- 2024 was a good year for many of the industry’s biggest quant names.
- Players like Renaissance Technologies and Marshall Wace returned more than 20%.
- Cliff Asness’s AQR also had a big year, with its multistrategy Apex fund returning more than 15%.
Much like their peers in the multistrategy world, quant hedge funds had a strong 2024.
Algorithm-driven trading firms mostly delivered double-digit returns across different quant strategy types, including “quantamental” funds that blend systematic and human-run qualities into one and trend-following offerings. However, most of these funds failed to match the S&P 500’s 23% gain.
In 2024, the biggest and oldest names in computer-run hedge funds led the way, such as Renaissance Technologies, the firm founded by the late billionaire Jim Simons.

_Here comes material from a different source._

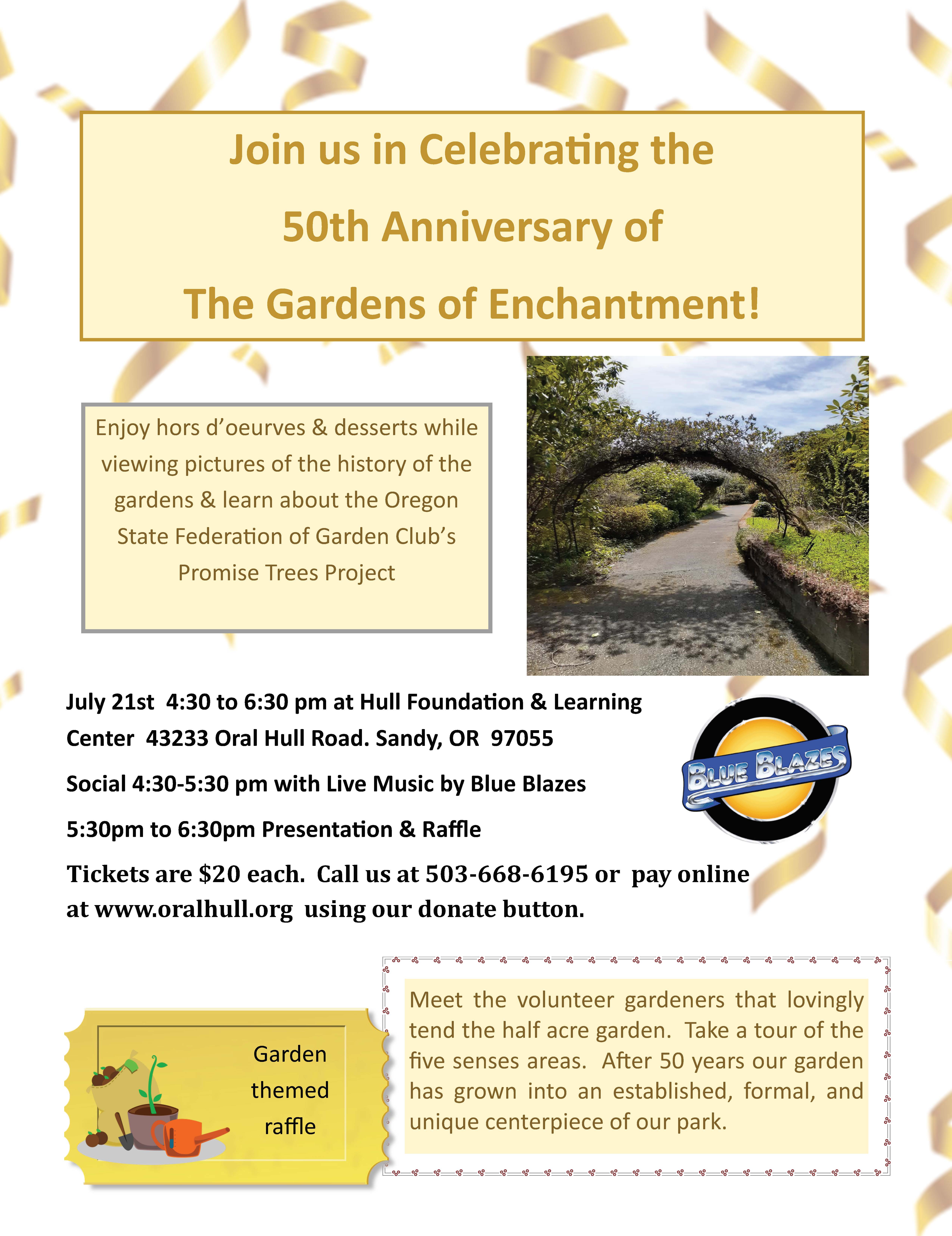 Enjoy snacks and beverages while you learn about the Gardens' history as well as the Oregon State Federation of Garden Clubs' Promise Trees Project. Mingle with the volunteer gardeners that lovingly tend to the Gardens of Enchantment and visit the "five senses" area of the property.

The firm’s two main funds available to investors — Renaissance Institutional Equities Fund and Renaissance Institutional Diversified Alpha — were up 22.7% and 15.6%, a person close to the manager told Business Insider. Of course, the manager’s legendary Medallion fund, which now runs around $12 billion of internal capital, performed even better with a 30% return, Simons’ biographer and Wall Street Journal reporter Gregory Zuckerman said in a Linkedin post.
Two Sigma, which turned the reins over last year to a new set of co-CEOs, returned 10.9% in its flagship Spectrum fund. The $60 billion manager also made 14.3% in its Absolute Return Enhanced strategy, a person close to the New York-based quant giant said.
In the UK, longtime strategies for $70.9 billion Marshall Wace and $13.1 billion Winton Group had good years. Marshall Wace’s TOPS fund, an alpha-capture pioneer that systematically evaluates ideas and research from humans to create its portfolio, made 22.7%, according to a person close to the London-based firm. The all-quant multistrategy Winton Fund was up 10.3% last year, a person familiar with the firm told BI.
French quant firm Capital Fund Management, which is expanding its US presence, made 14.2% in its Stratus fund, which manages roughly $11.8 billion. The firm overall runs $16.7 billion across its half-dozen strategies, all of which were up double-digits in 2024, a person close to the firm said.
Cliff Asness’s AQR meanwhile made 17.9% in its $2.5 billion trend-following Helix fund, a firm spokesperson told BI. The manager’s $2.3 billion multistrategy fund, Apex, returned 15.1% on the year.
Graham Management was also up, returning 11.9% in its quantamental fund known as Proprietary Matrix while its trend-following option returned 6.7%, according to a person close to the Connecticut-based manager with $20 billion in assets.
But these managers have no time to rest. Artificial intelligence advancements have firms racing to build out systems and teams to better their processes. A new fund from OpenAI alum Leopold Aschenbrenner has the backing of Stripe’s founders and former GitHub CEO Nat Friedman and is “focused on” a type of AI that would match human intelligence.
“The industry is experiencing an information arms race with respect to how much information can be gathered and how quickly it can be processed,” a new release from Don Steinbrugge, an industry consultant who runs Agecroft Partners, reads.
“Information advantages are often short-lived, and many managers will continue investing in a host of new technologies.”
This is a developing story. More firms’ performance figures will be added as they are learned.